What I mean is that it seems to me that by having Mary taken
“out of the action’ for most of the following year, as she dealt with her
extensive injuries from that fall, we were being asked whether we really wanted
to come together as a community of caring, or not -- were our words about being a community just words, or
were we actually willing to take the actions necessary to back those words up
and make them real in the world?
So when Mary put out the call to us GMa’s asking for help
with some things, I responded by offering to pay for her internet service
because I felt that her blog and emails were an important lifeline connection
for her, and also the best way for us as a community to keep in touch with
her. I’ve been deeply grateful to
have been able make those payments over the past 15 months, and I’m writing now
to share with you why.
First, it’s been nearly effortless, as the amounts have been
predictable, consistent and automatically charged to my credit card each
month. So as long as I didn’t go
overboard with my charges (not a good thing to do in any case), I could pay
them as another “fixed expense” in my budget. Beyond that was knowing that with so little effort on my
part, I was making a big difference in Mary’s life, giving her this way of
staying connected with those who care about her without having to keep asking
for help, which none of us likes to do.
And I could, in reading her blog, very easily learn much of what was
unfolding in her life day-to-day with her recovery and healing.
So many times over these past 15 months I’ve asked myself
why this happened to Mary, but it’s only recently that any of this has made
sense to me. And these insights
have come thru my recent readings of the work of Charles Eisenstein, who speaks
and writes about our deep longings as humans to do work that truly has worth,
and for our connections with each other as family and community. These personal connections are the
pillars of true happiness, and our Western culture has largely eliminated them
by making paid services out of what have traditionally been what folks in
families and communities naturally offered to each other as gifts. Every traditional culture was based on
these pillars of inter-relationship, and the structures we replaced them with,
such as our systems of government, money and medicine are now crumbling because
their foundations are not rooted in the trusted connections between people.

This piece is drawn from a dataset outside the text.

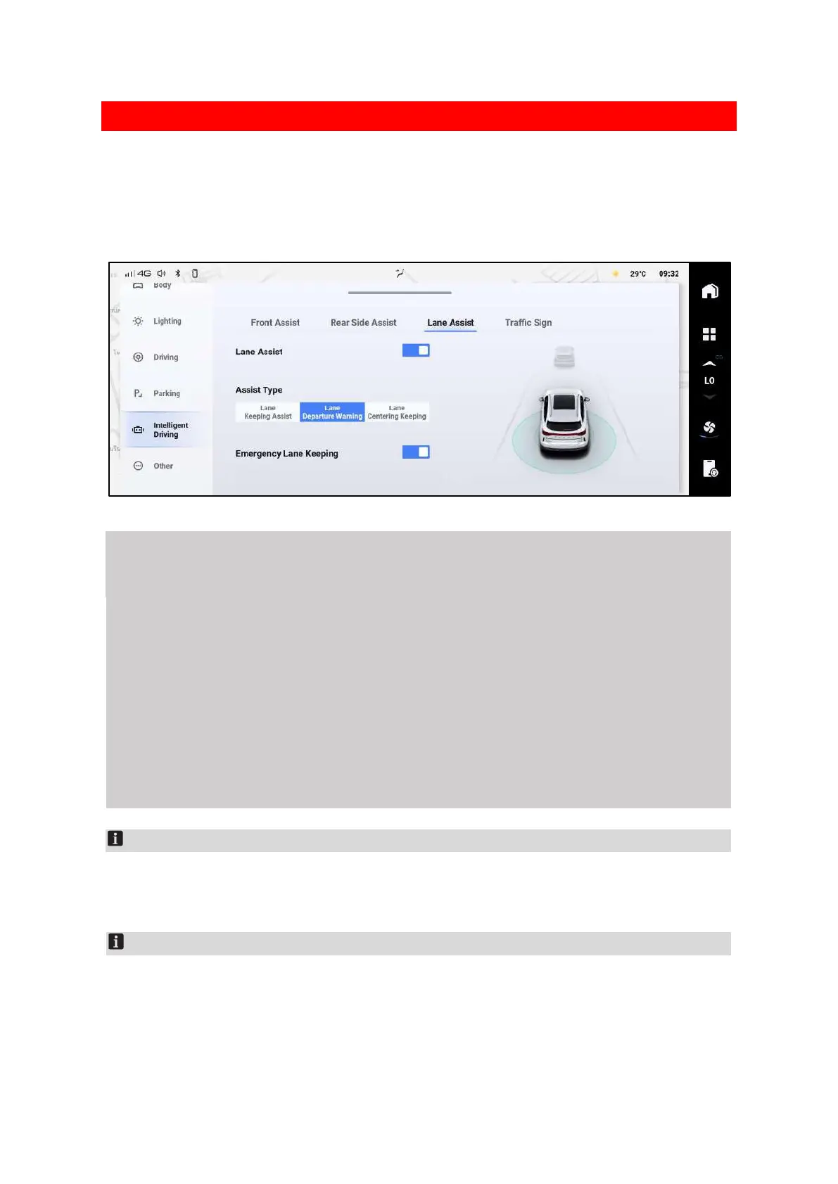 The lane assist is designed for driving on motorways and other roads in good conditions. Lane
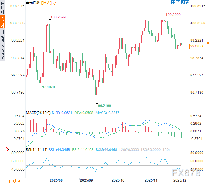 许多在新兴经济体中,因美元走强和全球流动性紧张而面临困境的国家,将有望从美国政策的转变中受益。周二(12月9日)美元指数于99.10附近震荡。预计即将到来的降息的影响将跨越美国国境,赋予其他央行更大的政策灵活性,并助力全球投资流重获动力。在会议前预期走强之际,市场正在发出信号:放松政策的经济理由已明显强化,全球货币周期的下一阶段正在临近。

Anyway, what I’m realizing is that Mary’s fall has been a
“wake-up” call for any of us who are willing to be awakened from our dream of
“independence” to recognize that none of us really can go it alone (and this
includes couples, too), but that when we join together, we can accomplish just
about anything.
So I see Mary’s “accident” as asking us GMa’s to step up to
the plate, if we choose, and form a real community with and for each other to
offer something of our selves when there is a call for that.
I understand you may feel that helping out would be just a
burden and, right now, nothing that you “need,” but in my small experience of
this over these past months, I can say that the rewards of being a part of
this, of being able to offer some real help to someone I care about, are so
rewarding and so satisfying that there’s no way to put a “price” on them. I have truly received way more than I
have given in doing this.
And I’m putting this out to you all now because it is time
for me to end my piece of this due to changes in my own financial
circumstances, and also, to open this opportunity up for someone else to join
and share in this process. So if
you have a space in your life now that would like to be filled with the deep
satisfaction of making a profound difference in someone’s life and helping
build a caring community, please let Mary know.
What do we live for if
it is not to make life less difficult for each other?